When one looks at Coleridge’s very different conception of a “pleasure dome”, one sees that it revolves partly round gardens and partly round caverns, rivers, forests and mountains with “deep romantic chasms”—in short, round what is called Nature. But the whole notion of admiring Nature, and feeling a sort of religious awe in the presence of glaciers, deserts or waterfalls, is bound up with the sense of man’s littleness and weakness against the power of the universe. The moon is beautiful partly because we cannot reach it, the sea is impressive because one can never be sure of crossing it safely. Even the pleasure one takes in a flower—and this is true even of a botanist who knows all there is to be known about the flower—is dependent partly on the sense of mystery. But meanwhile man’s power over Nature is steadily increasing. With the aid of the atomic bomb we could literally move mountains: we could even, so it is said, alter the climate of the Earth by melting the polar ice-caps and irrigating the Sahara. Isn’t there, therefore, something sentimental and obscurantist in preferring bird-song to swing music and in wanting to leave a few patches of wildness here and there instead of covering the whole surface of the earth with a network of Autobahnen flooded by artificial sunlight?
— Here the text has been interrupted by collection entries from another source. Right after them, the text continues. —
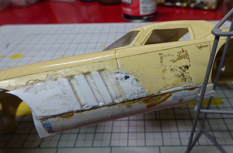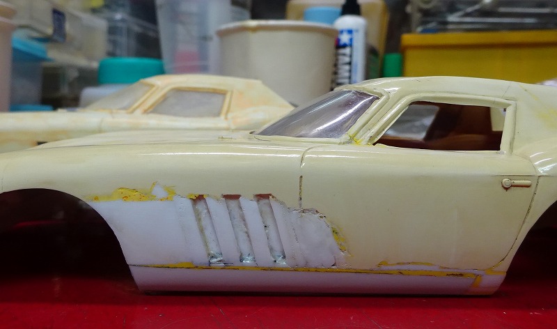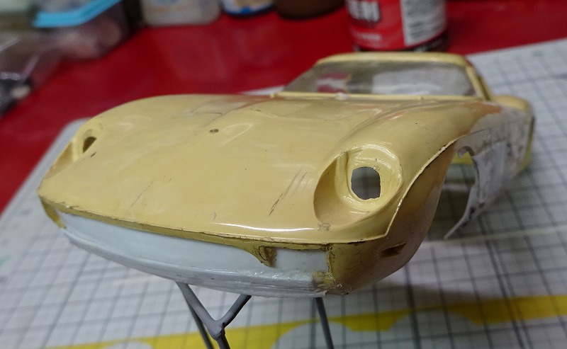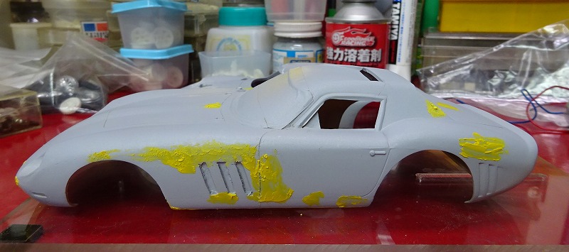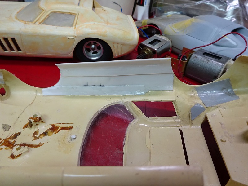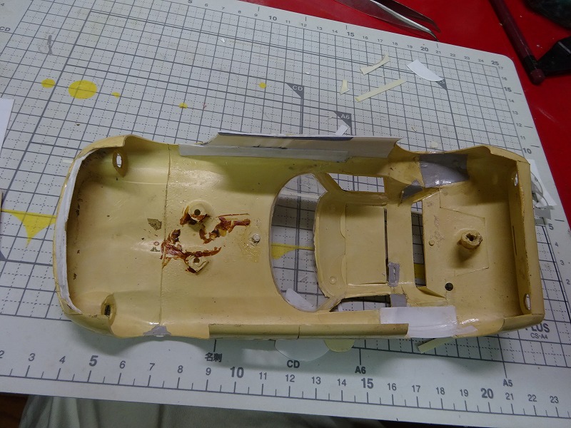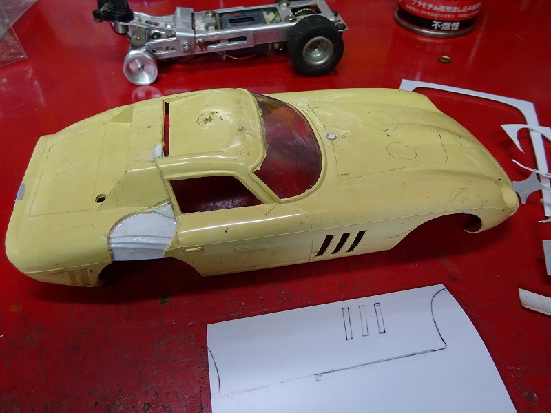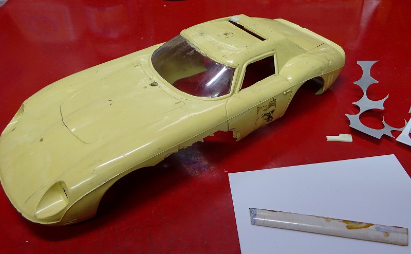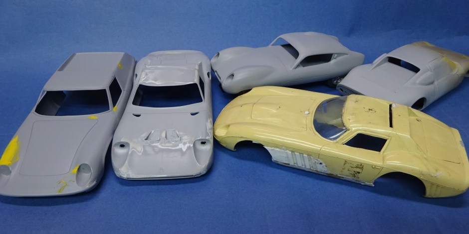 以下の写真は今月いじっていたボディーの幾つかだが、コグレの 64年のフェラーリ250GTO-LMのボディーには久しぶりに遊ばせてもらった。(笑) ・・・プラ板と溶着剤で欠損部を製作してみたのだが、以前に溶着剤を使いすぎたせいか?、引けが出てしまったボディーもあるので、しばらく様子をみてからフロントやサイドの穴あけをしようかと考えている。 また先日作ったスピードホイルを付けてみたい車もでてきたりして、毎晩違う車をいじっている様な日々であった・・・。
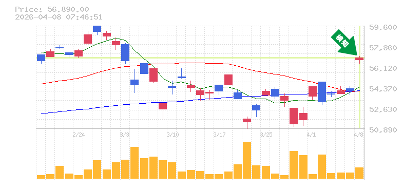 終 値:56890円
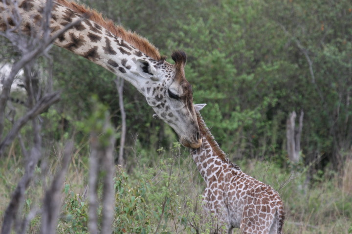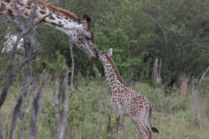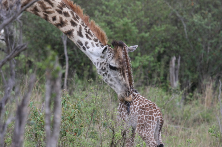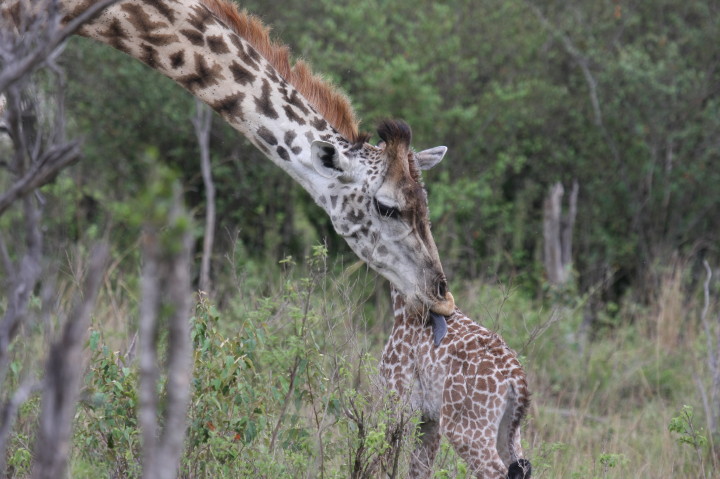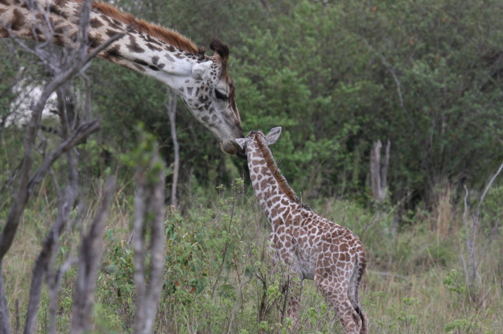 Wildlife: New Born Masai Giraffe and Mother

The question only arises because in exploring the physical universe man has made no attempt to explore himself. Much of what goes by the name of pleasure is simply an effort to destroy consciousness. If one started by asking, what is man? what are his needs? how can he best express himself ? one would discover that merely having the power to avoid work and live one’s life from birth to death in electric light and to the tune of tinned music is not a reason for doing so. Man needs warmth, society, leisure, comfort and security: he also needs solitude, creative work and the sense of wonder. If he recognised this he could use the products of science and industrialism eclectically, applying always the same test: does this make me more human or less human? He would then learn that the highest happiness does not lie in relaxing, resting, playing poker, drinking and making love simultaneously. And the instinctive horror which all sensitive people feel at the progressive mechanisation of life would be seen not to be a mere sentimental archaism, but to be fully justified. For man only stays human by preserving large patches of simplicity in his life, while the tendency of many modern inventions—in particular the film, the radio and the aeroplane—is to weaken his consciousness, dull his curiosity, and, in general, drive him nearer to the animals.